Generali Signs Deal to Acquire 51% Stake in Bulgaria’s Orel-G Holding

July 11, 2006

It’s not just the Italian Football (soccer) team that’s in an expansive mood. Italy’s Generali Group announced that it has signed an agreement for the acquisition of a 51 percent shareholding in Bulgarian insurer Orel-G Holding AD. The shares will be acquired from it parent company Orel-Consult AD through a subsidiary, Generali Holding Vienna.

“The acquisition is part of the international development strategy that has been pursued over the past few years,” said the bulletin. “The strategy has contributed to the progressive expansion of the Generali Group, not only in important Southeast Asian markets, but also in Central and Eastern European markets where the Group now operates in ten countries – Hungary, the Czech Republic, Romania, Slovenia, Slovakia, Poland, Croatia, Serbia, Ukraine and Bulgaria – with nearly 4 million clients.”

Generali said it had developed the strategy bas a mean of “focusing on countries where there is growth potential combined with a benevolent social and regulatory environment promoting the insurance business.”

CEO Sergio Balbinot commented: “The entry in Bulgaria with the acquisition of Orel-G is part of the international growth strategy of Generali, which in just a few months has significantly strengthened its presence in some of the markets with the world’s highest growth potential. The widening of our operations in countries such as India, Serbia, Ukraine, as well as the strengthening of our position in Croatia, are the latest steps in this process.”

The Orel-G Group is one of Bulgaria’s leading insurers with the largest market share in life and health insurance. Premium income for 2005 was approximately €28 million ($35.7 million), a 22 percent rise compared to 2004, driven by a 34 percent gain in health insurance and a 30 percent rise in life insurance sales.

“I am certain that Orel-G – thanks to its diversified portfolio covering life, elementary lines and health, combined with a wide presence throughout the territory – will be the ideal vehicle for the implementation of our growth plan in an extremely dynamic sector such as the Bulgarian insurance market,” Balbinot added.
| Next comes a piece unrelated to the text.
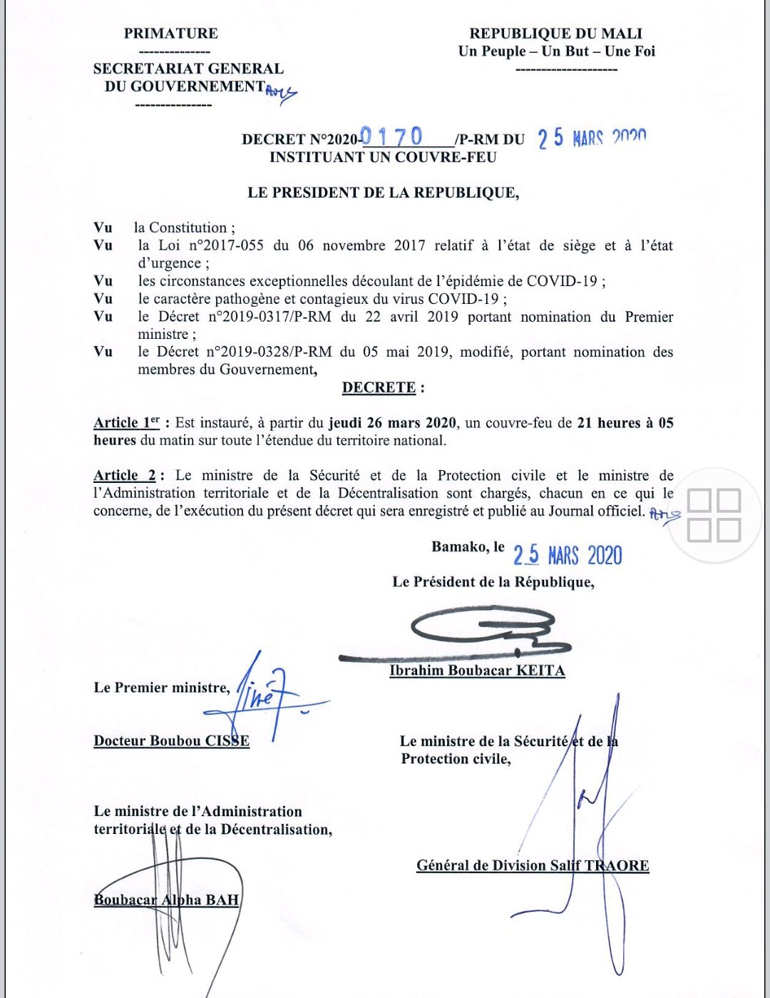 الأخبار (باماكو) – أقرت الرئاسة المالية إجراء يتعلق بحظر التجوال يوميا في البلاد، من التاسعة مساء إلى الخامسة صباحا، وذلك بدءا من اليوم الخميس.

Generali gave the following details: “The Orel-G Group operates in the Bulgarian market through three companies: Orel AD in the non-life sector, Orel Life AD in the life, and Zakrila in the health insurance business. Zakrila AD is by far the top player in health insurance, holding a 60 percent share of the market thanks to a polyclinic it owns and to agreements with 270 health institutions across the country. Orel Life AD, holding a market share of 10 percent, ranks fourth in Bulgarian life insurance with a premium portfolio largely consisting of endowment policies (86 percent). Orel-G AD, on the other hand, focuses on non-life business with auto insurance representing 64 percent of its portfolio. The company has a high level of actuarial and underwriting expertise.

“The Orel-G Group’s sales network is evenly distributed across the country with 87 territorial offices and approximately 8,000 salesmen. Besides the traditional selling channels, the Orel-G Group has a series of bancassurance agreements for the distribution of mainly its life insurance products.”

It also noted that the Bulgarian insurance market has had “25 percent annual growth in the past five years.” The growth follows reforms introduced in 1989. Since then, according to Generali’s bulletin, “Bulgaria’s GDP and industrial output have grown at a rate higher than that recorded on average in the European Union, with an inflation rate that is lower than that in the other countries of central and eastern Europe. Against this backdrop, average premium growth in the Bulgarian market over the past five years is 25 percent p.a., with an insurance penetration that compared to European averages is still very low (2.54 percent compared to an average of 7.88 percent in Europe).”